В том, что от Питера следовало избавиться, Джон не сомневался: даже если этот малый и не предавал их, он всё равно слишком много знал. А что касается остальных… Жалко было их убивать, но выбора не было. У мужа обычно нет секретов от жены, а уж бабы болтливы. Особливо между собой. Ладно, по крайней мере детишек дома не было, трудно было бы ему убивать детишек, не смог бы — они ведь, даже если чумазые, будто ангелочки.

Говорят, у дочки этого Питера были дети. Сиротками теперь остались… И зачем ей только понадобилось у родителей ночевать? Ну да все мы в этом мире сироты, выкарабкаются как-нибудь.

Как он и полагал, граф остался доволен. Заинтересовало его и то, что Джон выведал на счет баннерета Леменора.

— Так ты говоришь, занятное совпадение? — потирал руки Норинстан. — А баннерет-то у нас не без грешка!

— Истинная правда, сеньор! — Джон самодовольно улыбался. — Лет десять назад через его владения проезжали монахи и не просто так, а везли казну своего братства, — так что Вы думаете, казна пропала!

— А что монахи?

— Нашли весной в придорожной канаве.

— Убийц схватили?

— Нет, свидетелей-то не было.

— А баннерет Леменор? Как он себя вёл? Он был тогда у себя?

— Был, сеньор, но ничего не предпринимал до тех пор, пока братство не встревожилось столь долгим отсутствием своих собратьев. Поговаривали, что монахов прирезал Меченный Дрю, только он в тех краях никогда не появлялся, да и никого другого до Пасхи в тех крах не ограбил.

— Большая была казна?

— Чего не знаю, того не знаю, но думаю, что не малая.

— Молодец! — похвалил его Роланд. — А теперь найди мне двух свидетелей, не заинтересованных в собственной выгоде, но заслуживающих доверия, которые могли бы под присягой подтвердить, что тех монахов убили люди Леменора, а казну братства он присвоил себе.

— Это дорого встанет, — покачал головой Джон. — Сами знаете, люди просто так говорить не станут. Даже если это правда, а её нужно всего лишь приукрасить.

— Само собой. Скажешь, что каждый получит по двадцать марок. А теперь ступай. Да, и, смотри, не вертись вокруг них!

Довольный собой, граф Норинстан решил проверить пленника. Спускаясь, он заметил торопливо искавшего перчатки Адриана — одного из своих оруженосцев, заменившего Грегора. При виде сеньора тот испуганно вздрогнул и отвёл глаза.

— Куда это ты собрался? — нахмурился Роланд. Что-то ему не нравилось поведение оруженосца.

— Никуда, сеньор, только лошадей проверить.

— В перчатках?

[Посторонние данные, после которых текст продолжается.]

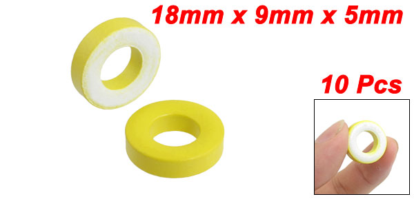 10 Pcs 18mm x 9mm x 5mm Yellow White Iron Core Power Inductor Ferrite Ring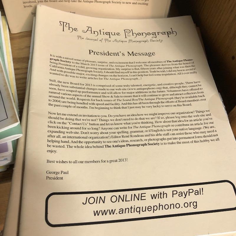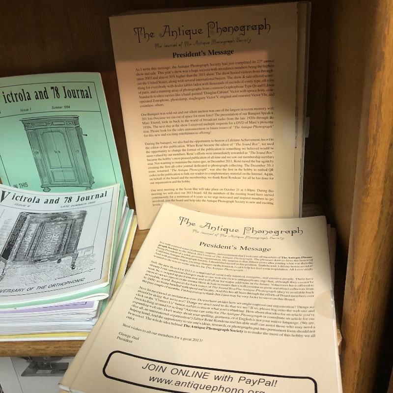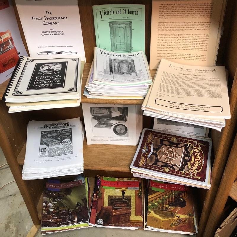 This lot contains the following: The Antique Phonograph, Victrola and 78 Journals, a variety of Edison manuals, The Sound Box, and In the Grove magazines.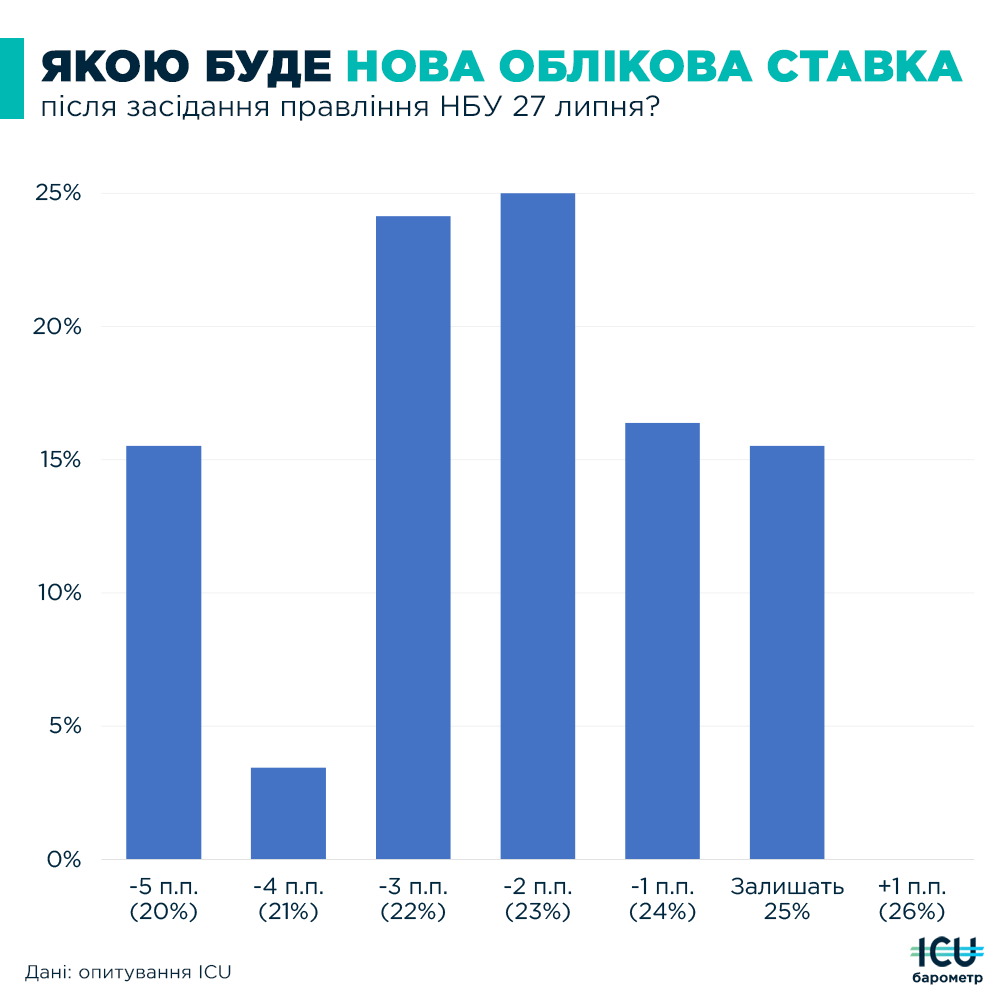 ➡️ Лише кожен шостий вважає, що Нацбанк поки не чіпатиме ставку. Тим часом майже 70% очікує зниження ставки на 2 процентні пункти й більше — з них понад 15% готові побачити сьогодні відразу ставку 20%.

Ну-ка выкладывай начистоту!

— Нехорошо это, сеньор, другого человека под монастырь подводить, — покачал головой Адриан и, наконец найдя перчатки, вышел во двор.

Граф в задумчивости постоял несколько минут, раздумывая, что могли бы значить эти слова, а затем, повинуясь скорее интуиции, чем здравому смыслу, последовал за оруженосцем. Он нашёл его на конюшне: Адриан седлал лошадь; к седлу были приторочены дорожные мешки.

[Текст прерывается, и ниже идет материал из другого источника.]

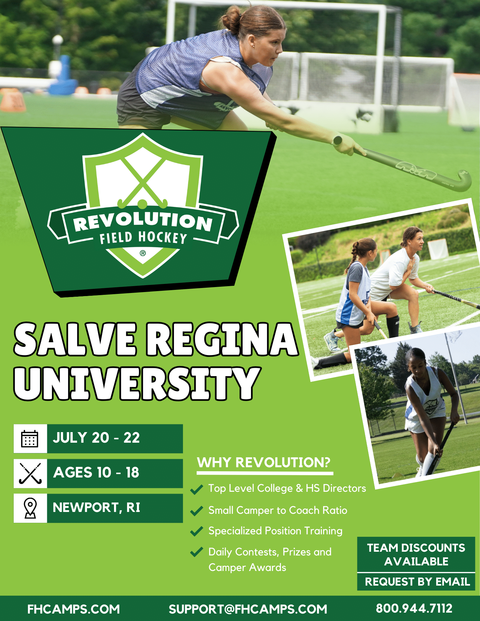 Salve Regina University is beautifully located in the heart of Newport, RI, overlooking Sheep Point Cove and Easton Bay. Salve’s state-of-the-art facilities provide the perfect summer environment for campers to develop their skills. This summer, join us for a fun camp experience that focuses on improving your field hockey skills, under the leadership of Head Coach from Salve Regina Jen Foster. This is a sell-out camp year after year, and does not disappoint!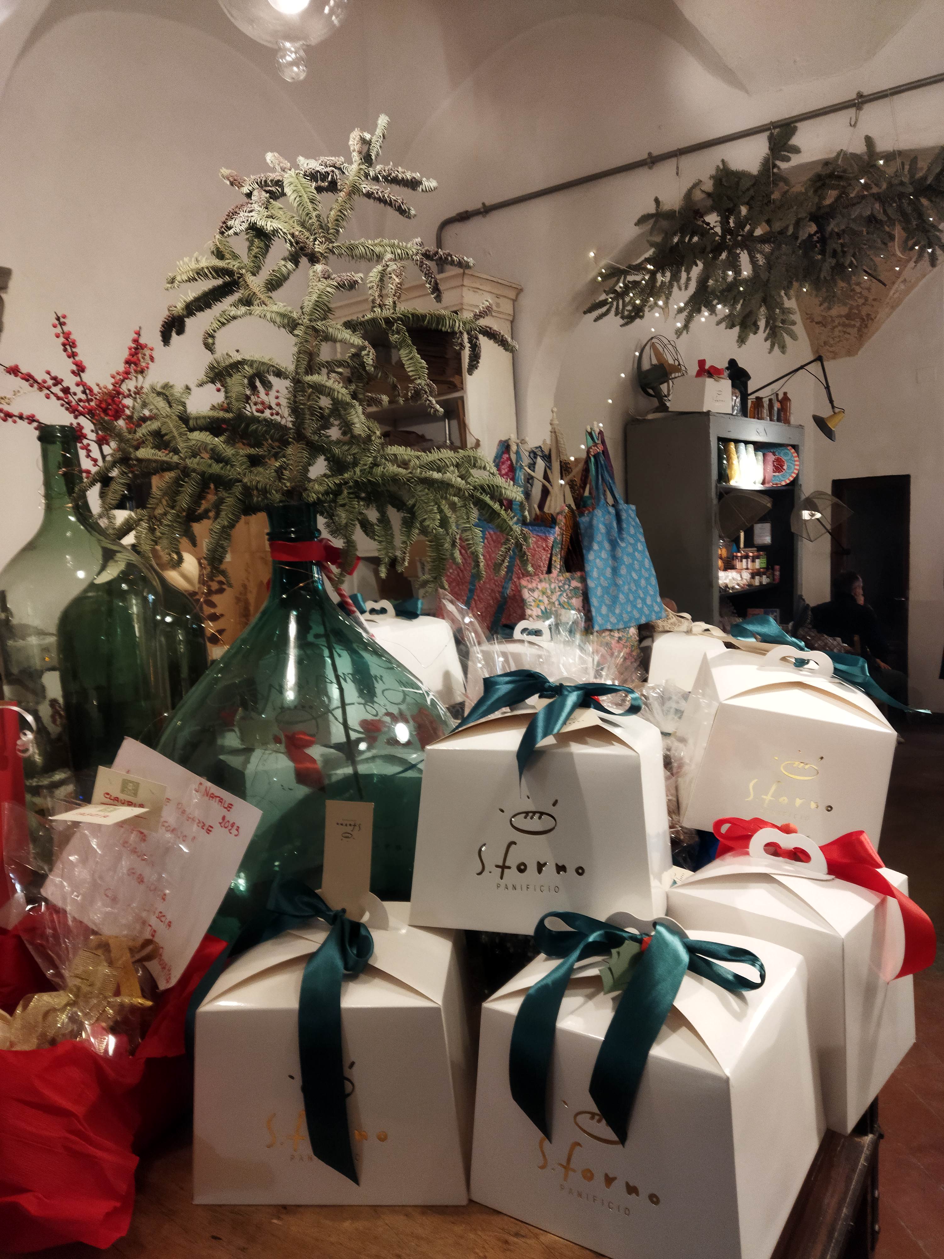 お店にはエコバックや籠、ソープ、そしてパッケージも可愛らしい食材もたくさん売っているので、お土産にも良さそう。あるいはフィレンツェでアパートに滞在している人はパンはもちろん、パスタやここの食材で自炊も良いですね~そしてタルトなどのスイーツもテイクアウトして・・・まさに近所に住んでいるかのように滞在が楽しめますね。クリスマス前は、自家製パネットーネも販売していました。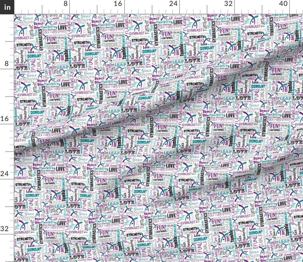 Blue, Purple, Gymnastics, Words, Teal, Sport, Gymnast, Athletic, Typography Custom Printed Fabric by Spoonflower Various Fabrics by the Yard or Fat Quarter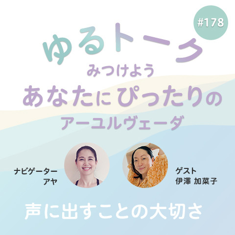 アーユルヴェーダの知恵に救われ続けているヨガインストラクターのアヤが、毎回ゲストをお招きし、健康や美容に関する日常に生きるちょっと役立つ知恵をゆるやかなトークでお送りします。

— Вы нас покидаете, Адриан? — с усмешкой поинтересовался Роланд, загородив ему дорогу.

Оруженосец с вызовом посмотрел ему в глаза:

— Покидаю. Навсегда.

— Вот как? С чего бы?

— Тошно жить под одной крышей с преступниками.

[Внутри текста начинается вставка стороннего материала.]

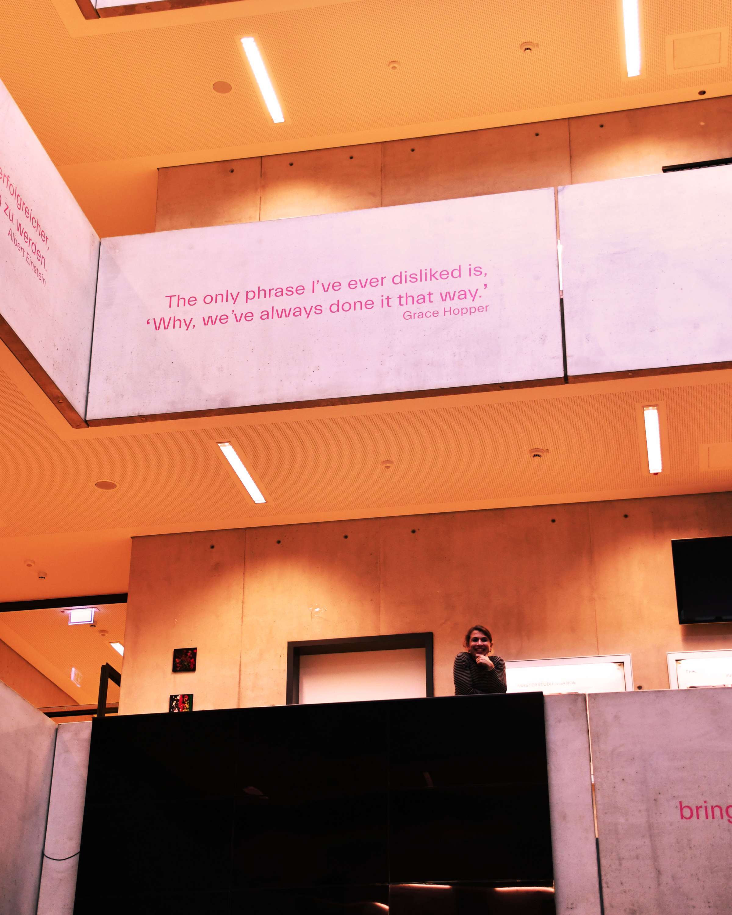 Mit den Zitaten von Grace Hopper und Irène Joliot-Curie wurde auch der Frauenanteil sichtbar gestärkt. Eingereicht wurden sie von Karen Grando, Studiengangskoordinatorin des Bachelorstudiengangs Wirtschaftspsychologie: „Weibliche Zitate zu finden, war tatsächlich nicht so einfach – schließlich waren Frauen in der Vergangenheit weniger sichtbar. Die beiden Verfasserinnen sind starke Persönlichkeiten, die sich trotz schwieriger Umstände durch ihr Wissen und ihren Mut durchgesetzt haben. Der starke Frauenanteil an unserer Fakultät zeigt, dass sich in der Gesellschaft viel verändert hat.“

— К Оснею собрался, гадёныш? — нахмурился Роланд, слегка подавшись вперёд.

— А хоть бы и к нему! Не позволю казнить невиновного.

— Кого же это?

— Того, о ком Вы говорили с Джоном-пройдохой.

— А, так ты подслушивал и теперь хочешь предать своего сеньора? Нечего сказать, хороша плата за еду и кров! Ты никуда не поедешь, — решительно заявил он.

— Поеду, — упрямо насупился Адриан.

— Значит, всерьёз решил? Не передумаешь?

— Нет. Пропустите!

— Ну так и отправляйся туда, где скоро окажется твой баннерет! — Выхватив кинжал, граф заколол оруженосца. Ухватив труп за ноги, он подтащил его к потайному оконцу и, отворив его, выбросил покойника в воду. Обернувшись, Норинстан увидел сэра Энджела. Он стоял возле лошади Адриана и глубокомысленно смотрел на капли крови на земляном полу.

— Тут, кажется, кого-то убили. Как Вы думаете, милорд?

— Вряд ли, — покачал головой Роланд. Свидетель. Это не входило в его планы. Да, Роланд Норинстан, удача явно не благоволит к Вам сегодня. Ладно, попробуем убедить его, что убийства не было. — Это, наверное, конюх. Напился, как свинья, полез седлать лошадь — а та дала ему копытом.

— Да, не повезло бедняге! — посочувствовал сэр Энджел. — А для кого он седлал лошадь?

— Для меня, — не задумываясь, ответил граф, незаметно осматривая рукава: не осталось ли где-нибудь пятен крови?

— Дорожные мешки… — Сэр Энджел внимательно осмотрел навьюченного коня. — Постойте, это же вещи Адриана! Что же это, милорд? — Он поднял голову и вопросительно посмотрел на Роланда.

— Ничего, сэр Эндрю, — улыбнулся Норинстан. — Давайте немного пройдёмся, и я Вам всё объясню.

— А что случилось с этим милым мальчиком? — не унимался рыцарь.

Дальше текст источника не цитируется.